После окончания войны и размещения в Болгарии советских войск, жизнь в этой стране для эмигрантов не становилась легче, наоборот, - всё труднее. Перед многими русскими вставал серьёзнейший вопрос: возвращаться в Россию или ехать дальше на Запад?!

Раздумья по этому поводу были мучительны, некоторые  из эмигрантов решались уезжать в Америку, кто-то хотел остаться в Европе, кто-то – ехать домой! Но не у всех был этот «дом» и этот путь.

В Софии, да и других городах потихоньку начинались аресты, выяснения личностей среди русской диаспоры, закрывались иностранные школы, и дети должны были посещать уже только болгарские учебные заведения. Всеволода Дмитриевича думы одолевали так же, как других. Но он не  терял присутствия духа и полагался на волю Господа.

- Проблема выбора, - писал Иван Всеволодович, - всплыла с особенной силой в результате опубликования указа 1946 года о том, что все бывшие подданные Российской Империи могут принять советское гражданство. Среди наших знакомых были люди, которые выбрали кто - одно, кто – другое, а кто – и третье решение. Правда, принятие советского гражданства вовсе не означало автоматического переезда в Россию. Принявшие его – гражданство - получали не паспорт, а «вид на жительство». Конечно,  по благословению владыки Серафима, приняли гражданство и мы.

1948 год был в этом отношении особым. В этом году в Тирольских горах скончался дедушка Сергей Николаевич Исаков – мамин отец. 

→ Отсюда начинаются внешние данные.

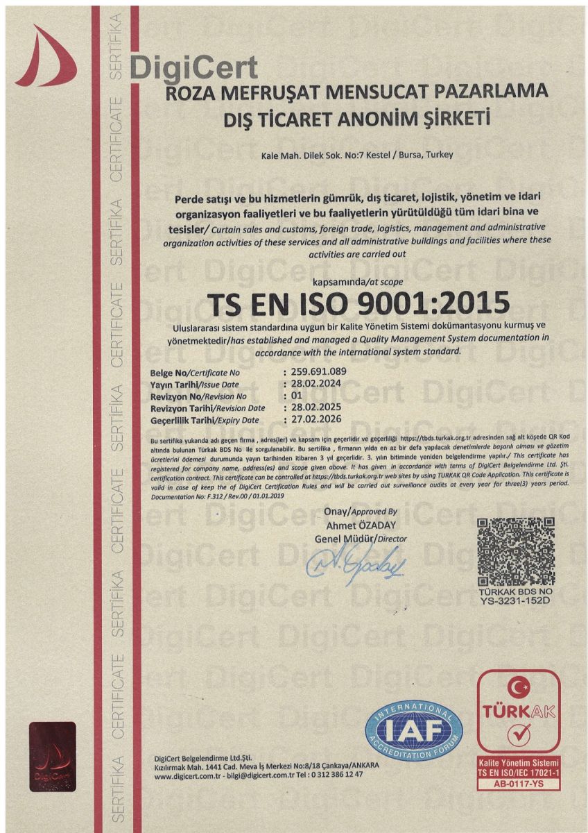 ROZA MEFRUŞAT MENSUCAT PAZARLAMA DIŞ TİCARET A.Ş. has Common Quality, Cookie, Environmental and Information Security Policies.

Владыка Серафим и папа в составе церковной делегации побывали в России, в Москве. Там проходило совещание глав и представителей Автокефальных православных церквей. В Москве состоялась первая встреча отца с семьёй, с матерью. Конечно же,  у папы было потрясение!!! Не вдаваясь в описание  этих впечатлений, - а их было так много, дерзаю обобщить: можно сказать с одинаковой достоверностью, что папа увидел в России  немало, но можно сказать и то, что он не увидел почти ничего.

Впоследствии я спрашивал себя не раз о том, решились бы мои родители на переезд, если бы в 1948 году  папа смотрел обычными, или как теперь говорят, -  на мой взгляд - ужасно, «нормальными» глазами,  а не духовными. Ответ всегда выходил один – отрицательный…

Но в те дни - после возвращения из Москвы – батюшка о. Всеволод  встречей с Родиной был необычайно окрылён, взволнован, ему хотелось в новом качестве служить России, и от  этой идеи - решение вопроса о переезде было совсем другим. Всеволод Дмитриевич всё ждал, не мог дождаться дня, когда придет официальный положительный ответ от московских властей, а его пришлось ждать ещё почти два года.

 

 

25 декабря 1948 года.

г. София.                               

Иван Шпиллер – кузине Марии Кнушевицкой.

 

 

« Дорогая Миррочка!

Поздравляю Тебя с Новым годом и Рождеством Христовым! Желаю Тебе всего наилучшего и нам вместе – поскорее увидеться!

Очень Тебя благодарю за программы и учебники. Прочитал «Как закалялась сталь»*. Я давно хотел её прочесть, т.к. о советской, современной литературе имел очень относительное понятие. Из того, что Ты проходишь (в школе – примечание автора), читал Фонвизина. Здесь так часто можно встретиться с госпожой Простаковой* и, конечно,  с Митрофаном*! Кстати, Печорин* здесь не редкое явление, наоборот, он  несомненно, герой нашего времени, только в  худшем, вероятно, незнакомом Тебе, западном варианте. Читал «Слово о полку Игореве», и вообще, кое-что из литературы древних времён, кое-что Радищева, Ломоносова, Державина, Карамзина, насчёт Бедной Лизы которого  совсем с Тобой согласен. Дюма я не читал, т.к. не можем найти. Ты интересуешься моей библиотекой. У меня она маленькая, но я пользуюсь папиной, которая довольно большая.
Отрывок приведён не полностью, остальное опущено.